Organizations lament over the risky dependence on Tribal Knowledge to run their business. Extracting the knowledge from the key individuals is not as simple as asking them to write down everything they know about a process. People holding the Keys to the Kingdom are frequently making heavy use of intuition and hard won experience that can’t be dumped to documentation immediately upon request.
A deliberate structured iterative process is needed to reveal, define, and understand the processes and criteria that people use to solve daily problems, make decisions, and manage in their specific operational areas.
Here is one generalized variation of a method to extract and structure tribal knowledge into a repeatable process complete with decision logic.
- Following the 80/20 rule, identify and document the 20% of the process that represents 80% of the normal conditions and decisions of the typical happy path.
- Create a visual holding place, if one doesn’t already exist, for the data (actions, issues, and decisions) associated with the process - probably in time sequence. This can be as simple as a spreadsheet.
- The objective of the visual system is to have a wider perspective of the norm so that the exceptions and non-standard conditions are more readily exposed for investigation and clarification.

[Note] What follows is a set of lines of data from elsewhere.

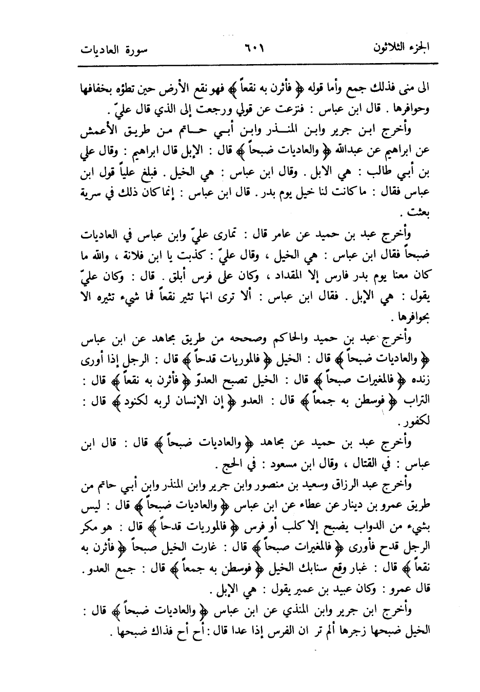 وَأخرج عبد الرَّزَّاق وَسَعِيد بن مَنْصُور وَابْن جرير وَابْن الْمُنْذر وَابْن أبي حَاتِم من طَرِيق عَمْرو بن دِينَار عَن عَطاء عَن ابْن عَبَّاس {وَالْعَادِيات ضَبْحًا} قَالَ: لَيْسَ بِشَيْء من الدَّوَابّ يضبح إِلَّا كلب أَو فرس {فالموريات قدحاً} قَالَ: هُوَ مكر الرجل قدح فأورى {فالمغيرات صبحاً} قَالَ: غارت الْخَيل صبحاً {فأثرن بِهِ نقعاً} قَالَ: غُبَار وَقع سنابك الْخَيل {فوسطن بِهِ جمعا} قَالَ: جمع الْعَدو
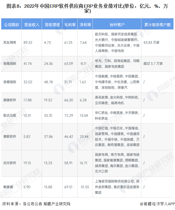 本文核心数据:2022年中国ERP软件行业上市公司汇总、营业收入、业务占比、毛/净利率、标杆客户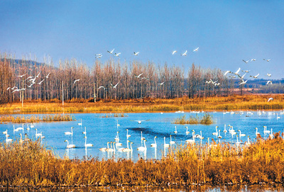 在三门峡市境内黄河湿地越冬的白天鹅。程专艺摄(人民视觉)

- Apply what I call pattern-based process improvement and creative slicing and dicing of the data to begin to fill in the missing pieces that are currently only understood by the people with the “keys to the kingdom”.
This method is best executed with participation between the mentor (process expert) and at least one other person with “outside the process” eyes to distinguish between the intuitive knowledge and explicit knowledge. The additional participants are part of the audit process to verify if the process is being standardized in a form that can be operated by other non-experts.